Işığı Bul❦

Depuis le début
                                    

"Ben kendi ülkemi hatırlayamıyorum ve hatıraları tutacak bir şey yapamadım. Belki de yapmak istemedim."

"Buraya ne zaman geldin?" dedim ve gözleri kısıldı.

"15 yaşındaydım. Korkmuş ve ürkmüştüm. Vergi olarak verilmiştim, inan bana savaş esiri olarak gelmeyi tercih ederdim. Dilini bilmediğim, inancını bilmediğim bir ülkeye verilmenin ne olduğunu bilmiyorsun." dedi ve ne diyeceğimi bilememiştim.

"Belki bir gün ülkene geri dönersin." dedim ve güldü.

"Buna inanıyor musun? Harem bir bataklık, Sandhya ve bizler bu bataklığa batan çiçekleriz. Her geçen süre bizi zehirliyor ve öldürüyor."

"Belki bir gün bu harem kalkar." diye mırıldandım ve tuhafça bana baktı.

"Buna inanıyor musun? Kimse buna cesaret edemez. Sashibai'nin kuralları katı ve keskindir."

"Bu kurallar zamanın getirdiği kurallara uymuyor, Azusa. İster kabul etsinler, ister etmesinler cesaret edilebilecek bir iş."

"Harem kalkınca, onca insana ne olacak? Burası birçok kişinin evi. Onlar evsiz kalmamalı. Zaten ülkelerinden koparılmanın acısını buraya sarılarak unutmuşlar, insanlardan haremi almak ne olur?"

"Ah, neyse. Sanki harem kaldırılacakmış gibi konuşuyoruz." dedim gülerek ve bakışları yumuşadı.

"Haklısın."

"Buraya neden geldin?" dedim merakla.

"Ah, duydun mu demekiçin gelmiştim. Odandan çıkmadığın için duymamış olabileceğinden şüphe ettim."

"Neyi?"

"Neraja tutuklanmış." dedi yavaşça ve şaşırmış numarası yaptım.

"Ne?"

"Komutan Rithu ile Kaptan Vilraj yapmış. Birçok suçla suçlanıyor ama onu ölüme götüren şey ise Evia Lyorran ismiyle güneyin çöl ülkesi Eyeptar'a casusluk yapmaya kalkışması olmuş."

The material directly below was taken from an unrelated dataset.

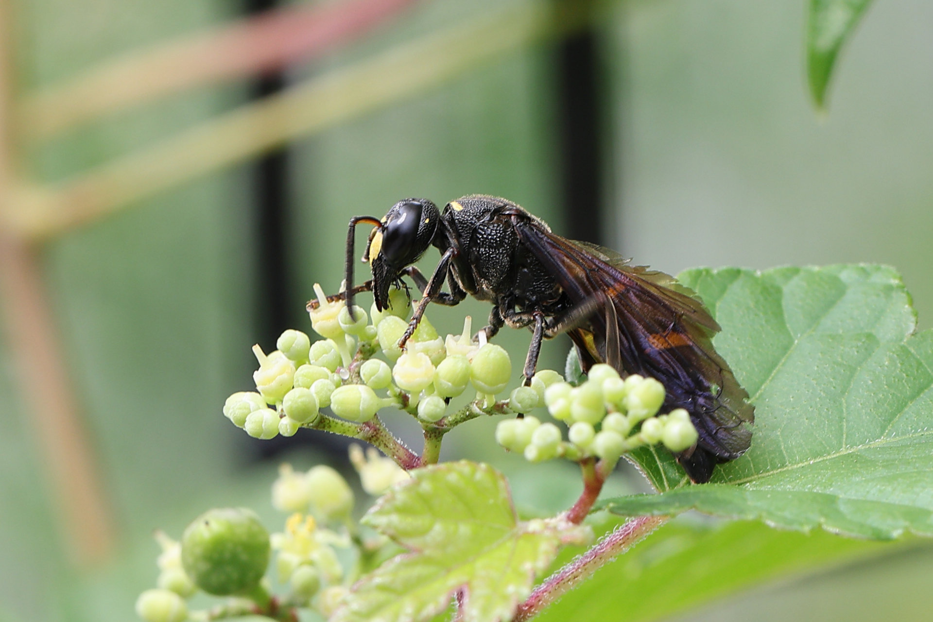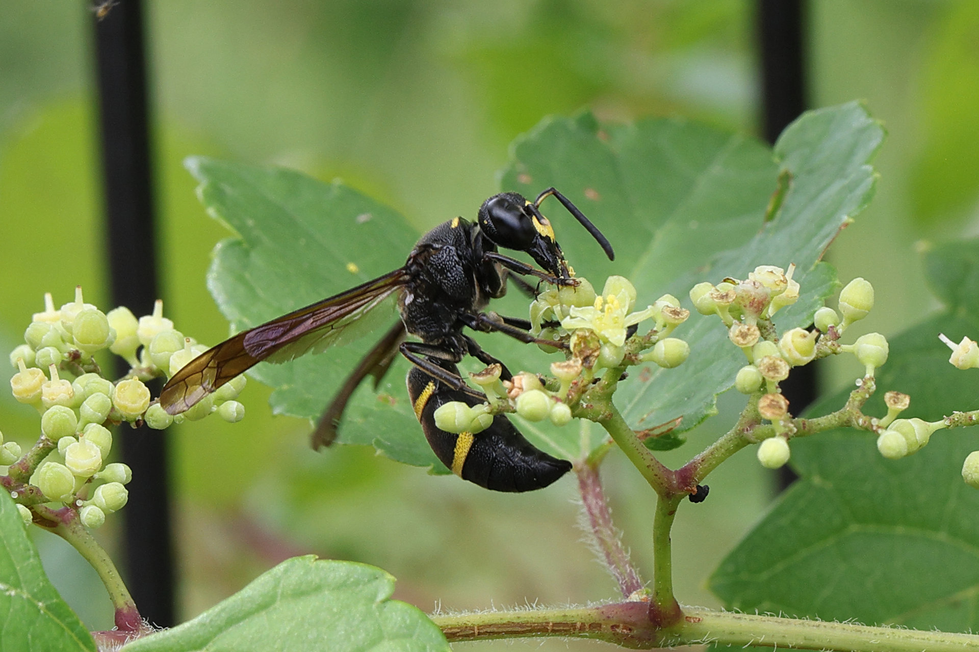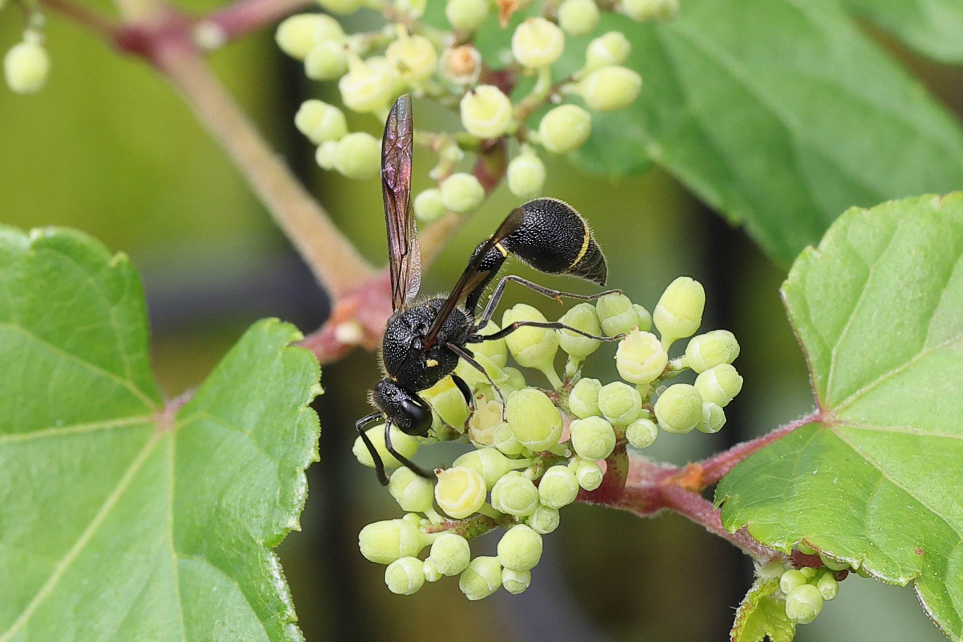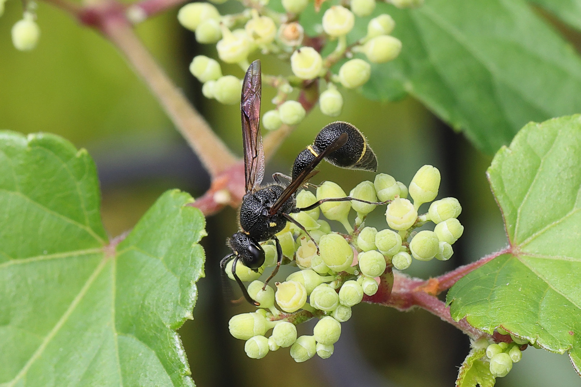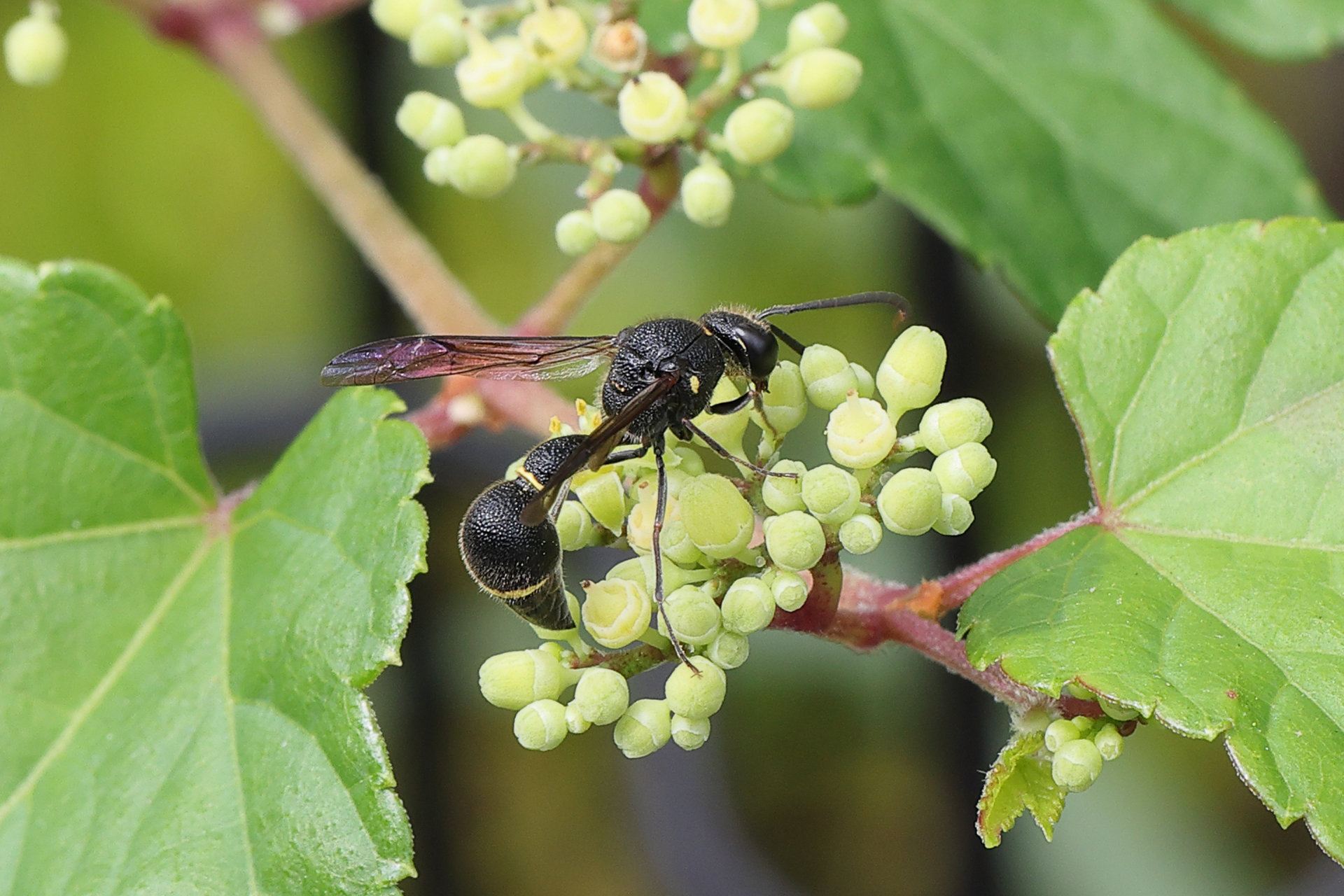 ヤブカラシにオデコフタオビドロバチがきていました

"Yargılanmadan vatan hainliği ile öldürülecek." diye fısıldadım.

"Evet. Çok korkunç değil mi? Bir baltayla boynunun bedeninden ayrılması ve insanların bu ölümü izleyecek olmaları." dedi ve elim boynuma gitmişti. Ürpermiştim.

"Balta ile mi?"

"Evet, öyle karar almışlar. Yarın idam edilecek."

"Evia Lyorran ismiyle mi yoksa Neraja-i Astena olarak mı idam edilecek?" dedim merakla.

"Evia ismiyle idam edilecek. Sonuçta vatan hainliğini bu isimle yapmış. Zavallı kız, onun yerinde olmak istemezdim."

"Neden?"

"Düşünsene, kendi topraklarında ölmüyorsun ve yetmezmiş gibi yabancı topraklarda vatan hainliği suçundan idam ediliyorsun. İnsanlar seni bir hain olarak anacak."

"Kendisi bu sonu hazırladı. İsteklerinin, arzularının kurbanı oldu."

"Kesinlikle! Acaba bu işlere kalkışırken, küçük kızını hiç düşünmedi mi? Komutan Syon'u sevmeyebilir ama küçük kızını düşünmeliydi. Parsmet'e şükürler olsun ki, aşığından bir çocuğu olmamış."

"Birde aşığı mı var?"

"Evet, aşığı ile her şeyi planlamış. Ah, Sandhya! İnsanlar çok kötü kalpli olmuş ve bizim böyle zamanlarda kendimizi korumamız gerekir."

"Kesinlikle." diye mırıldandım.

"Neyse, bu konu ile canını sıkmışa benziyorum. Başka şeyler hakkında konuşalım mı?"